Нашу долину с одной стороны пересекала автомагистраль, чью тяжесть несли бетонные опоры моста, а с другой – железная дорога. Ажурный стальной виадук соединял заросшие репейником склоны. Наш, восточный, был более пологим, и мы взбирались по нему и шагали вдоль железнодорожного полотна. Это было интересней, чем идти по улице: Дара отпускала Локи с поводка, и он нырял в высокую траву, раздвигал ее грудью, как пловец, и жмурил свои стеклянистые бледно-голубые глаза. Иногда он вдруг замирал на месте, а затем вскидывал переднюю часть туловища в коротком прыжке и впечатывался лапами в землю. Мышкует, говорила Дара, и пыталась перевести мне с помощью длинного описания это емкое слово. Он ловит кузнечиков, думая, что это мыши, притаившиеся под снегом. Значит, сейчас он чувствует себя хаски? – спросил я однажды. Кого в нем больше? А кого больше в тебе? – с неожиданной прямотой парировала она.
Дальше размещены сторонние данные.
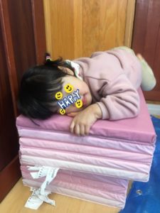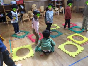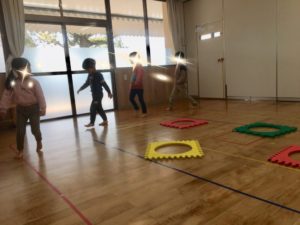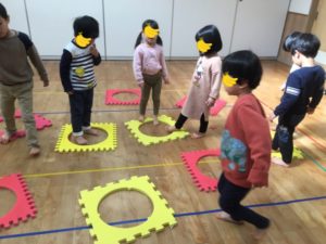 また、音楽が止まるとマットに入ったり、、陣取りあそびを楽しみました😀

Такие вопросы всегда ставили меня в тупик. Я жил в этом городе с самого рождения. В семье у меня говорили по-английски, лишь мама ворковала с нами на родном языке, пока мы, дети, были совсем маленькими. Отец не перечил ей: возможно, он знал, что мы быстро всё забудем. К тому времени, когда я пошел в школу, брат и сестра говорили между собой только по-английски. Мы росли на тех же фильмах и книжках, что и наши ровесники. Мы почти ничего не знали об Италии и, признаться, не горели желанием узнать. И всё-таки мы были другими. Нас дразнили словами, которые казались обидней всяких «жиртрестов» и «четырехглазых», потому что апеллировали не к сугубо индивидуальным и, зачастую, временным чертам, а к чувству причастности, первобытному и могучему. Нас вынуждали стыдиться не масти своей, а семьи, и это было гораздо больнее. Через много лет я вспомню это чувство уже по другому поводу, и оно снова вызовет у меня желание дать в морду обидчику.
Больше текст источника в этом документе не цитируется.